Work instructions ::
Your job is to print, exactly, the lines in the data below from the line with "業務別に最適化されたテンプレ" through the line with "Disclosure: In nearly", both included, and to omit any picture.

Dataset excerpts ::
---+---
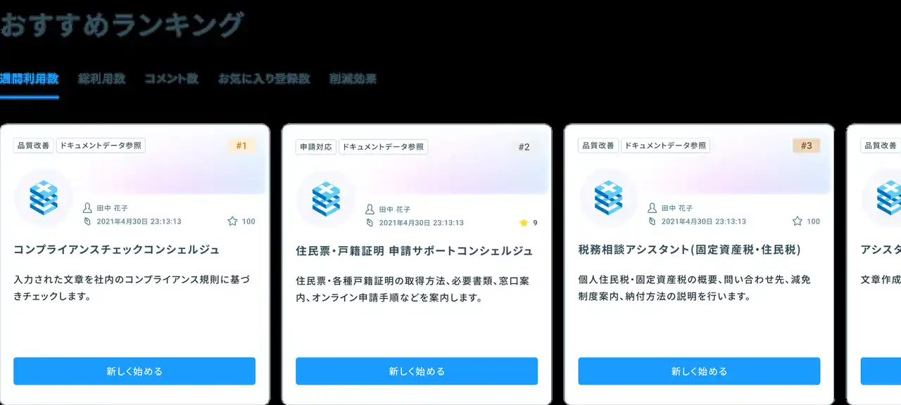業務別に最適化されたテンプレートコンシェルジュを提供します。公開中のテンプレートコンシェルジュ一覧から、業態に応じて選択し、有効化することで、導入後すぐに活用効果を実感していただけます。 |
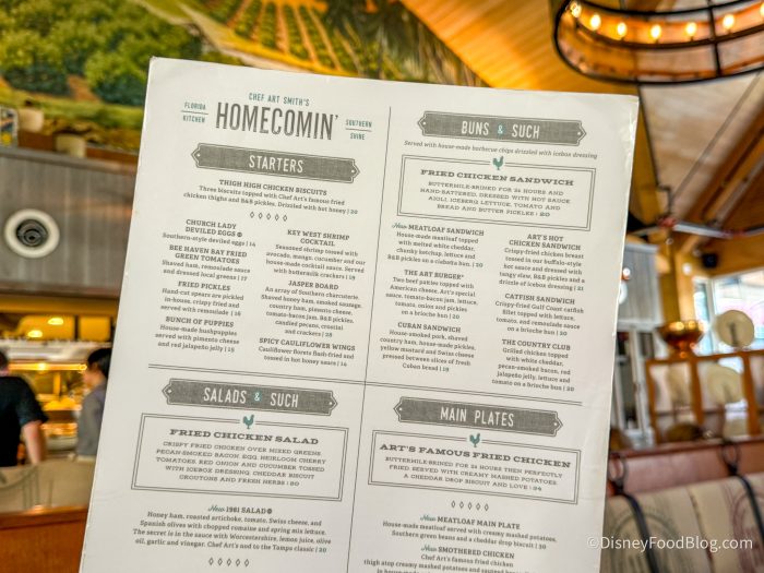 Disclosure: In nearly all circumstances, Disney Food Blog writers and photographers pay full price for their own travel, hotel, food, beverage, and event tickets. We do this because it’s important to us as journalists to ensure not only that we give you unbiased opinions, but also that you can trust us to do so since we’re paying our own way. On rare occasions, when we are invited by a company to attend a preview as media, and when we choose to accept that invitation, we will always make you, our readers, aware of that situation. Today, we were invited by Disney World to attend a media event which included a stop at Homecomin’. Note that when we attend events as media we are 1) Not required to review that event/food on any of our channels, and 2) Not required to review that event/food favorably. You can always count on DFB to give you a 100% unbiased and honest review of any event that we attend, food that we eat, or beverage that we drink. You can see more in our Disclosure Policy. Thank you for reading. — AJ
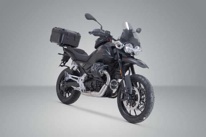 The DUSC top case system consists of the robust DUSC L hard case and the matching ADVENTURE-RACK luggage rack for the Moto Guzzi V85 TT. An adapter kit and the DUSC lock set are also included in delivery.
---+---
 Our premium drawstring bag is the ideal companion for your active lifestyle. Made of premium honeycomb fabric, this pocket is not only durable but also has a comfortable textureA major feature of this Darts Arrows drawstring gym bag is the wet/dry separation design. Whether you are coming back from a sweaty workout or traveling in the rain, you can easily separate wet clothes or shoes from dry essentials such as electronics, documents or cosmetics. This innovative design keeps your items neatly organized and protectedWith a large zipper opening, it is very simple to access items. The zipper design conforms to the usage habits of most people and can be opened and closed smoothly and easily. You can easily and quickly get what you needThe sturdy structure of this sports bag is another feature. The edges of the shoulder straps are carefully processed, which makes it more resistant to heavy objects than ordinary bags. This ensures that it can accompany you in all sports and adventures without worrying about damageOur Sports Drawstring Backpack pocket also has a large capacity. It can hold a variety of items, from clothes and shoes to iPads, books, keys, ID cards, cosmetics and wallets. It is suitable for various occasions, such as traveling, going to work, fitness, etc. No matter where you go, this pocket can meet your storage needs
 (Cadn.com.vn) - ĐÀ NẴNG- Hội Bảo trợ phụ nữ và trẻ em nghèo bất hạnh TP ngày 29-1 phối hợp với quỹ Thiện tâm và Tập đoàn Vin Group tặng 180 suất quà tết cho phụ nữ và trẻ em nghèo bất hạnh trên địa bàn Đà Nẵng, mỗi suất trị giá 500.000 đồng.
---+---
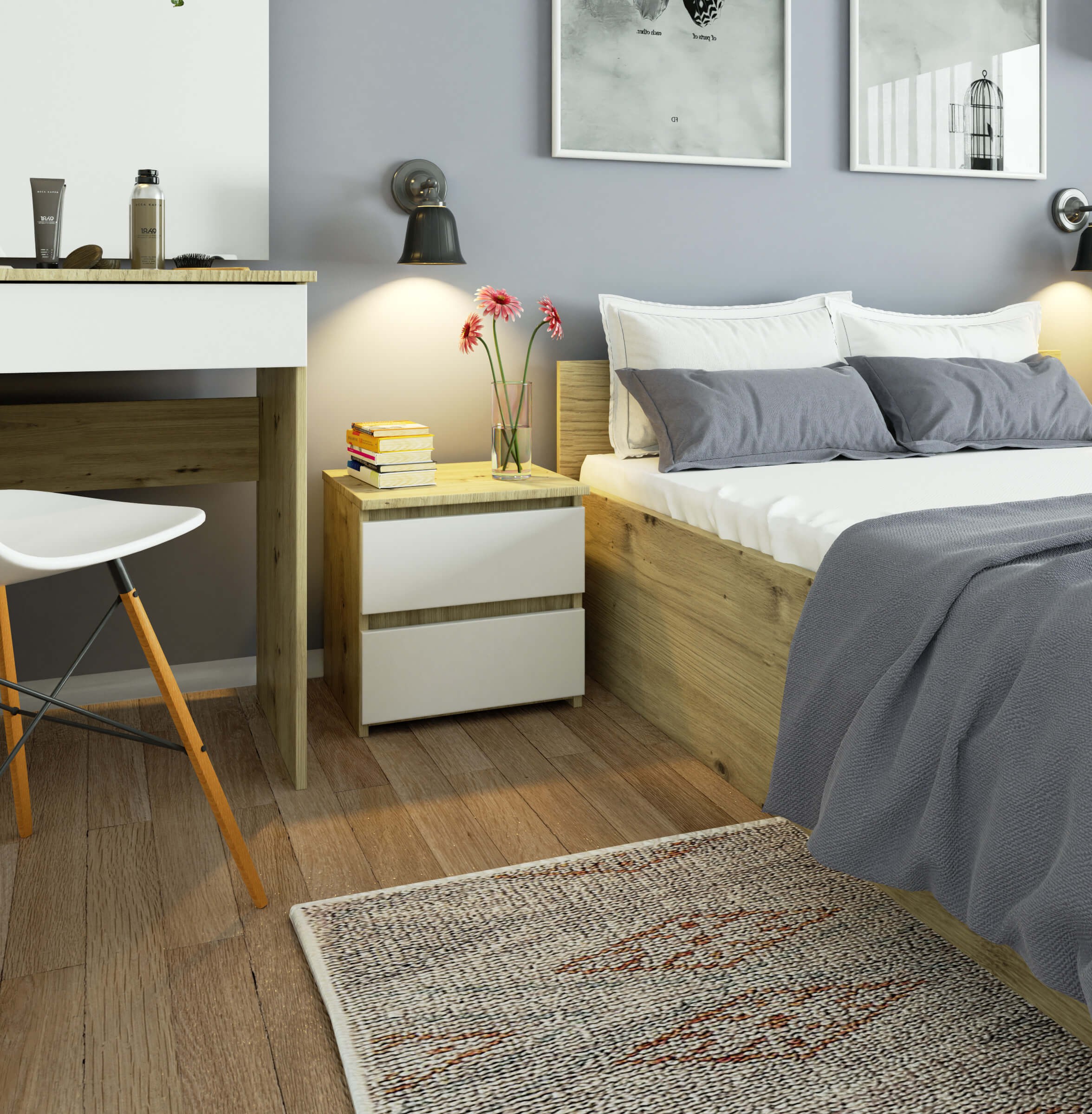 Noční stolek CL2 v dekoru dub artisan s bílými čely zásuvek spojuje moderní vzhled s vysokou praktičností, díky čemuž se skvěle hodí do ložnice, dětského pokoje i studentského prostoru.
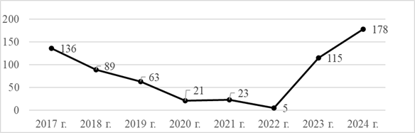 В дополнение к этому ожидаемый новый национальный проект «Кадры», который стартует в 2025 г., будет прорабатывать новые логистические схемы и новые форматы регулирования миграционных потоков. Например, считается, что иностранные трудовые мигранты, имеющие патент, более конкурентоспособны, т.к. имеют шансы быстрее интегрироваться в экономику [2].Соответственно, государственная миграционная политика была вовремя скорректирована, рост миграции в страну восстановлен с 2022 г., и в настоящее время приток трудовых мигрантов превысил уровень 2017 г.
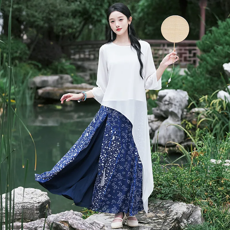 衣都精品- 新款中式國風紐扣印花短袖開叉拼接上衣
---+---
Expected answer ::
業務別に最適化されたテンプレートコンシェルジュを提供します。公開中のテンプレートコンシェルジュ一覧から、業態に応じて選択し、有効化することで、導入後すぐに活用効果を実感していただけます。 |
 Disclosure: In nearly all circumstances, Disney Food Blog writers and photographers pay full price for their own travel, hotel, food, beverage, and event tickets. We do this because it’s important to us as journalists to ensure not only that we give you unbiased opinions, but also that you can trust us to do so since we’re paying our own way. On rare occasions, when we are invited by a company to attend a preview as media, and when we choose to accept that invitation, we will always make you, our readers, aware of that situation. Today, we were invited by Disney World to attend a media event which included a stop at Homecomin’. Note that when we attend events as media we are 1) Not required to review that event/food on any of our channels, and 2) Not required to review that event/food favorably. You can always count on DFB to give you a 100% unbiased and honest review of any event that we attend, food that we eat, or beverage that we drink. You can see more in our Disclosure Policy. Thank you for reading. — AJ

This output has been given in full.